Gulp. “A Citizen Legislature” is a moment of truth for radical democrats. It’s hard to disagree with Callenbach and Phillips that “living by the considered will of the people is what democracy is supposed to be about” an that “pure intelligence—if there is such a thing—is certainly not directly related to political wisdom; the only reasonable assumption is that both are broadly distributed through the population.” But what about the 25 per cent of Americans who are (by Jonathan Kozol’s recent estimate) illiterate? Would 25 per cent of a sortition Congress be illiterate; and if not, why not? Doesn’t any criterion of exclusion entail a departure from randomness? And doesn’t that imply acceptance, in principle, of standards of competence, and therefore of competition?
The question of competence is a delicate one. Callenbach and Phillips solicited comments on their proposal and have appended several to the book. One of the respondents quotes Shaw “If you ask me, ‘Why should the people not make their own laws?’ I need only ask you, ‘Why should the people not write their own plays?’ They cannot. It is much easier to write a good play than to make good law. And there are not a hundred men in the world who can write a play good enough to stand the daily wear and tear as long as a law must.” Shaw knew an awful lot about both law-making and play- making and was, after all, a socialist. Might there be such a thing as legislative skill, and might it have some relation to legislative experience or to the study of law and public policy? Then again, the respondent who quotes Shaw is, perhaps significantly, a state legislator.

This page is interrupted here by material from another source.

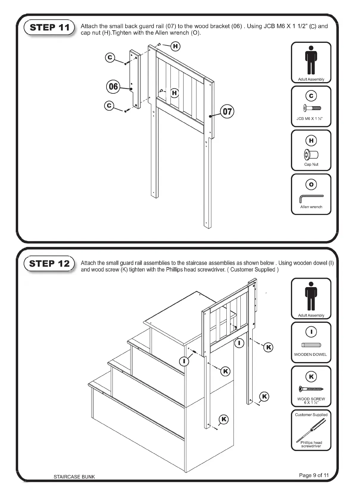 Attach the small guard rail assemblies to the staircase assemblies as shown below . Using wooden dowel (I)

Clearly the risks and difficulties of a sortition system would be considerable. Would they outweigh the vast incompetence, corruption, apathy, arid cynicism generated by the electoral system? Callenbach and Phillips argue persuasively that the shortcomings of our present arrangement, which is based on the supremacy of money, are not reformable. And they argue plausibly that their alternative scheme would provide many incentives to efficiency, integrity, and public-spiritedness among legislators. They then conclude: “Resistance to the sortition idea comes generally, in the last analysis, from an attachment to hierarchy and a lack of trust in the people themselves.”
Well, perhaps. But what if “the people themselves” share that distrust and that attachment? This is the deepest of democratic dilemmas: all things are possible if the people trust themselves; nothing much is possible if they don’t. But like freedom, self-confidence cannot be conferred.
It may be that the chief value of “A Citizen Legislature” will prove to be heuristic. No reader of this intelligent, offbeat book will ever again take the rightness of electoral democracy for granted. And any democrat who balks at the authors’ rigorous interpretation of that noble commonplace, “government by the people,” will find herself obliged, perhaps for the first time, to formulate an equally plausible one.